Emery made a motion with his still shaky hand, as if he were reaching out. Before Josh could take it in his own and clasp it, the comforting touch spreading in both directions, Emery dropped it once more. Whether Emery had decided against it or Josh had imagined what it meant, he didn't know, but the absence of that near promise was a physical ache. Josh breathed slowly, in through his nose, out through his mouth, eyes trapped in Emery's.

"Morning came and nothing changed. I won't lie, I thought about it. Thought about telling them I wasn't gay after all, thought of hiding who I was for the rest of high school and maybe go to college and then I could be me. But it just... I couldn't. I'd trusted them and they pulled the rug out from under me as if I weren't their son; as if I were nothing. 'You can either be something you're not or I won't have you as my son anymore,' and all this without even the excuse of religious extremism. As if my having children or not had anything to do with them. As if I were less likely to catch AIDS by them kicking me out. As if they were showing me tough love, slapping my hand for misbehaving."

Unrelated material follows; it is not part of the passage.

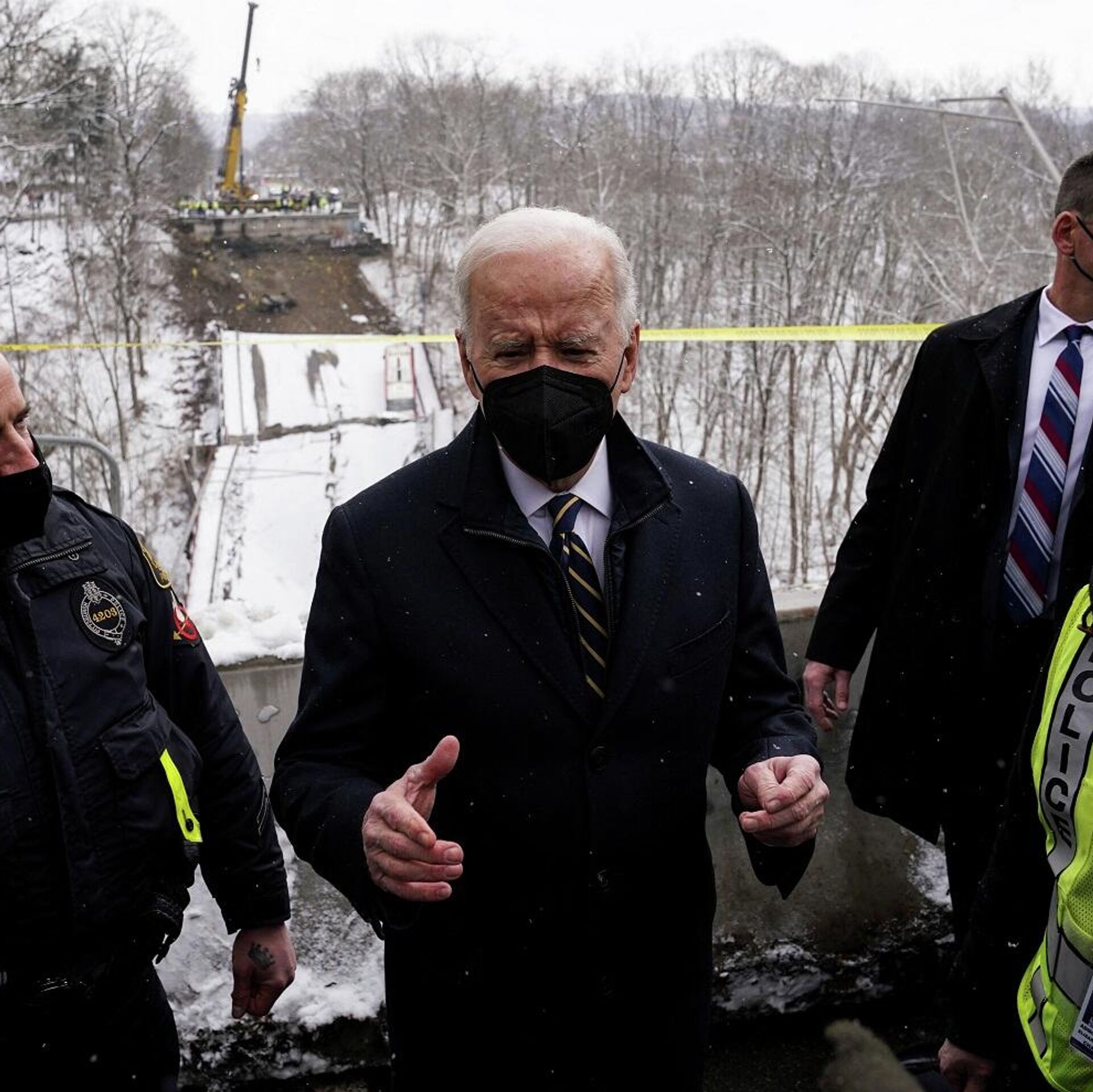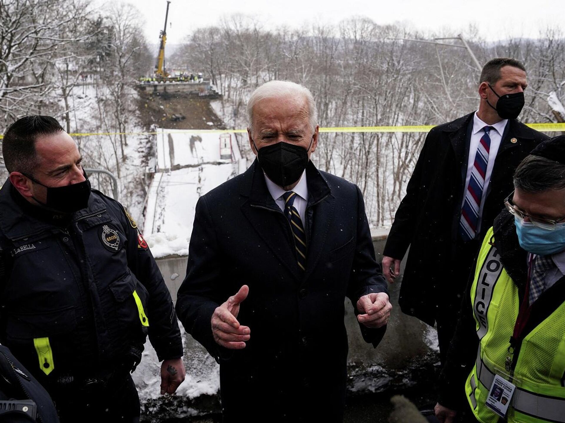 ووصل الرئيس الأمريكي، جو بايدن بعد ساعات قليلة من الانهيار الخطير لجسر بيتسبرغ، ووقف أمام حواجز خرسانية مغطاة بشريط أصفر من الشرطة، ورفع رقبته لينظر إلى الامتداد الذي خلّفه الجسر المنهار.
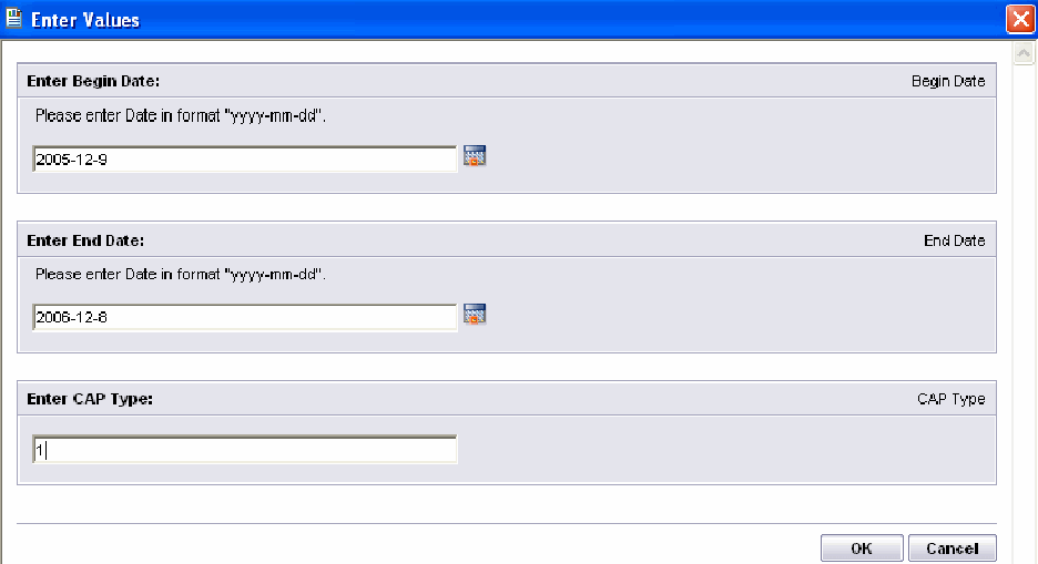 Parameters not set up in Report Manager and required in the report display the parameter prompt window. These parameters require users to enter exact values to correctly filter the report. For example, users must enter dates in the correct format, MM/DD/YYYY or yyyy-mm-dd. The figure below shows a sample Crystal Reports parameter prompt.

As he'd been talking, Emery's expressive brown eyes turned as anguished as Josh felt. "Josh..."

He couldn't. He couldn't keep telling Emery this, exposing himself like this, to someone who held the kind of power Emery still held over him, all while looking into eyes that could undo him without trying. This wasn't what he'd rushed over to Central Park to accomplish — there had to be something else he could do to dispel the tension. He got up to retrieve a pair of tweezers only to sit back in front of Emery. "Give me your foot," he said abruptly. "Might as well do something with my hands while we talk."